• **Task description**:
The expected answer is the set of lines in the data below between the line holding "Przez cały tydzień" and the line holding "Apple iPhone 16E", inclusive, written out exactly.

• **Records to process**:

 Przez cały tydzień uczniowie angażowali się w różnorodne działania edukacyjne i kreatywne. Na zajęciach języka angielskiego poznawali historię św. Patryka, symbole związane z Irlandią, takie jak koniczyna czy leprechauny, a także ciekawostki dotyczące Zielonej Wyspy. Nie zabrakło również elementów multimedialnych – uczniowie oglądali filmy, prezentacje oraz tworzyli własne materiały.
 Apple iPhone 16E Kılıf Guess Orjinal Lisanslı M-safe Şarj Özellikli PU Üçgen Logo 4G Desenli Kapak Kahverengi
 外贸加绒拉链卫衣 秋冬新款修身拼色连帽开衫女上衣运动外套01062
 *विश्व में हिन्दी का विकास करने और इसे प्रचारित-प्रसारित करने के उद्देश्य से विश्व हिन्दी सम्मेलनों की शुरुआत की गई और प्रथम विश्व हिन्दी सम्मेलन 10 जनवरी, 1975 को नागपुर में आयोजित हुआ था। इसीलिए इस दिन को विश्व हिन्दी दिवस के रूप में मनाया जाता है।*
---
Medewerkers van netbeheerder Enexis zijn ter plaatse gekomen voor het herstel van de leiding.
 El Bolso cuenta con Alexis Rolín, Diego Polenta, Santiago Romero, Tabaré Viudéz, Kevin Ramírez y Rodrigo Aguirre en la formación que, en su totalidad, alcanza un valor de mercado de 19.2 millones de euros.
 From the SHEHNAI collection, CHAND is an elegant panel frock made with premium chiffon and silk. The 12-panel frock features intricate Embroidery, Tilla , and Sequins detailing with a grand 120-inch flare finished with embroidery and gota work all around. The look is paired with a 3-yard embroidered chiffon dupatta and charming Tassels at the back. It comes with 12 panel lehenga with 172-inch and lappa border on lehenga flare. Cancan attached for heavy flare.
* * *
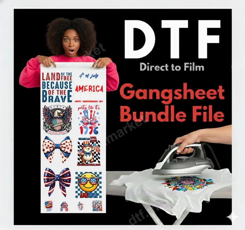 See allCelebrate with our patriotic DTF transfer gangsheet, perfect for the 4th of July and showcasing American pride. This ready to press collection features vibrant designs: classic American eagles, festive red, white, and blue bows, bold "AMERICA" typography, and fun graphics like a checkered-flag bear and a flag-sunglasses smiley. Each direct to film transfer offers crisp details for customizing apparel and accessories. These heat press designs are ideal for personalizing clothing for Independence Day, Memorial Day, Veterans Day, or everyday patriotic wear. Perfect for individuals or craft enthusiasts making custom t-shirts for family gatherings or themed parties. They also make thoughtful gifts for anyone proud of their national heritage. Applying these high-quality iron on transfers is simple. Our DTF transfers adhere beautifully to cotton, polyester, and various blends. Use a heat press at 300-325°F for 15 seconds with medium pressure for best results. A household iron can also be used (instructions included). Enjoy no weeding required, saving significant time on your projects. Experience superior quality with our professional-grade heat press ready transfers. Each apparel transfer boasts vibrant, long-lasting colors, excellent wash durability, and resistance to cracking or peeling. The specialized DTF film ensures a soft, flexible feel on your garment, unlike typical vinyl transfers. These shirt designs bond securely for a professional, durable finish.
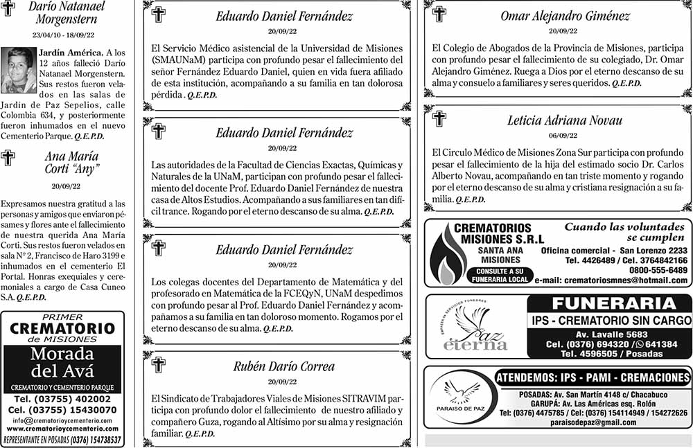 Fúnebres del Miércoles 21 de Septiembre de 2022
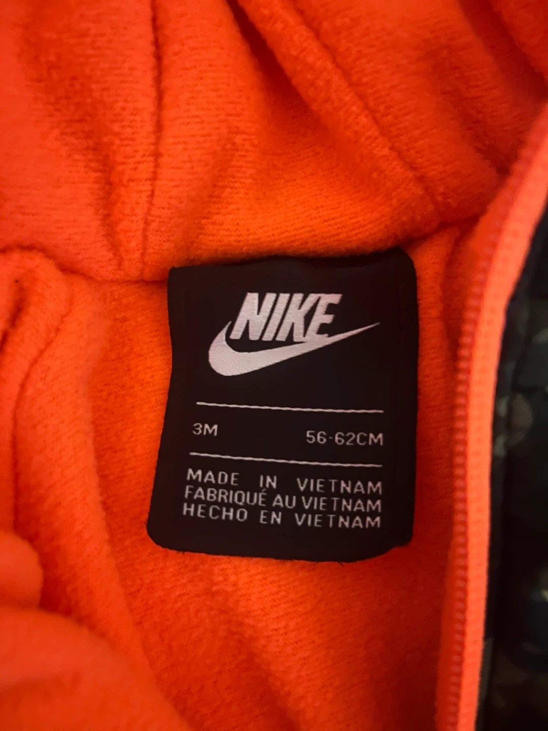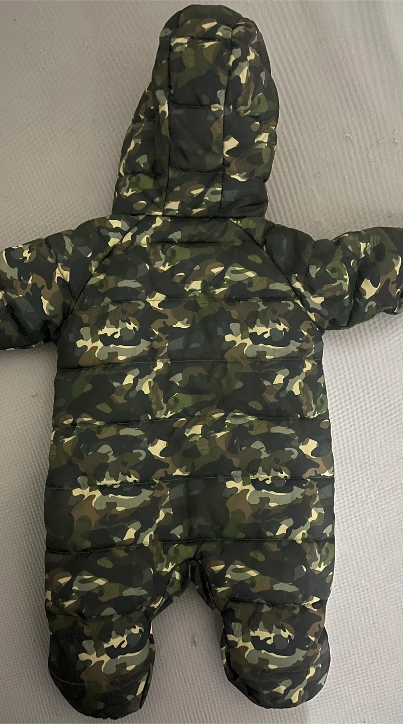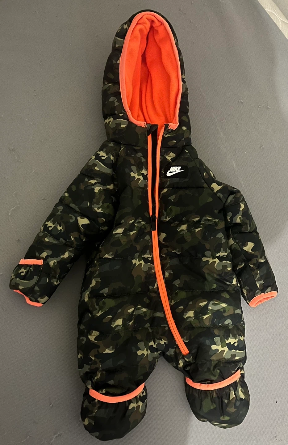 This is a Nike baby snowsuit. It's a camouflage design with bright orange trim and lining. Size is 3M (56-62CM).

• **Result of this task**:
 Przez cały tydzień uczniowie angażowali się w różnorodne działania edukacyjne i kreatywne. Na zajęciach języka angielskiego poznawali historię św. Patryka, symbole związane z Irlandią, takie jak koniczyna czy leprechauny, a także ciekawostki dotyczące Zielonej Wyspy. Nie zabrakło również elementów multimedialnych – uczniowie oglądali filmy, prezentacje oraz tworzyli własne materiały.
 Apple iPhone 16E Kılıf Guess Orjinal Lisanslı M-safe Şarj Özellikli PU Üçgen Logo 4G Desenli Kapak Kahverengi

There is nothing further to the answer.